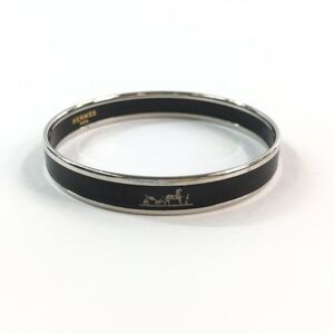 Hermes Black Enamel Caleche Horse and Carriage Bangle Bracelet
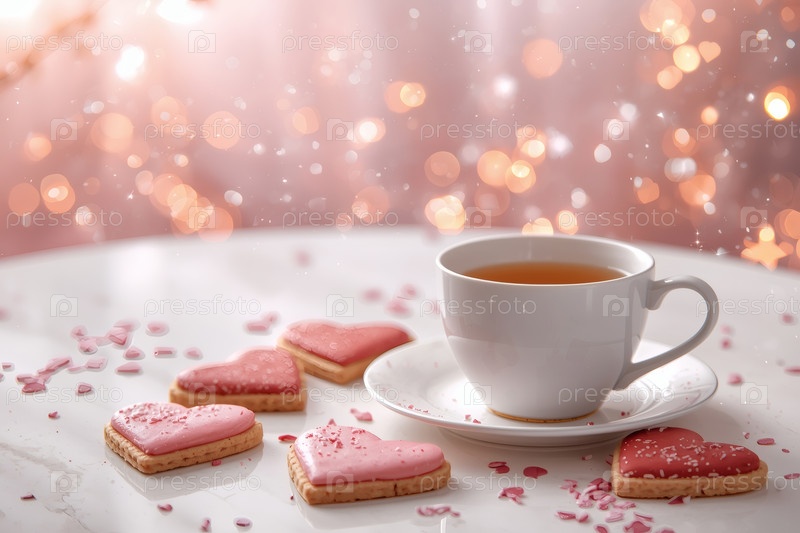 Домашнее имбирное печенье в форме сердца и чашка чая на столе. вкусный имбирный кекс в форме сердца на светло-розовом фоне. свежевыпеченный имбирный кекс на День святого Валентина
==
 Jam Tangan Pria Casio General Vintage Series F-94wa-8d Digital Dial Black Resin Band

◆ **Work required**
Using the data above, transcribe exactly the lines between those containing "Hermes Black Enamel" and "Домашнее имбирное печенье", inclusive, and leave every picture behind.

◆ **Answer to this problem**
 Hermes Black Enamel Caleche Horse and Carriage Bangle Bracelet
 Домашнее имбирное печенье в форме сердца и чашка чая на столе. вкусный имбирный кекс в форме сердца на светло-розовом фоне. свежевыпеченный имбирный кекс на День святого Валентина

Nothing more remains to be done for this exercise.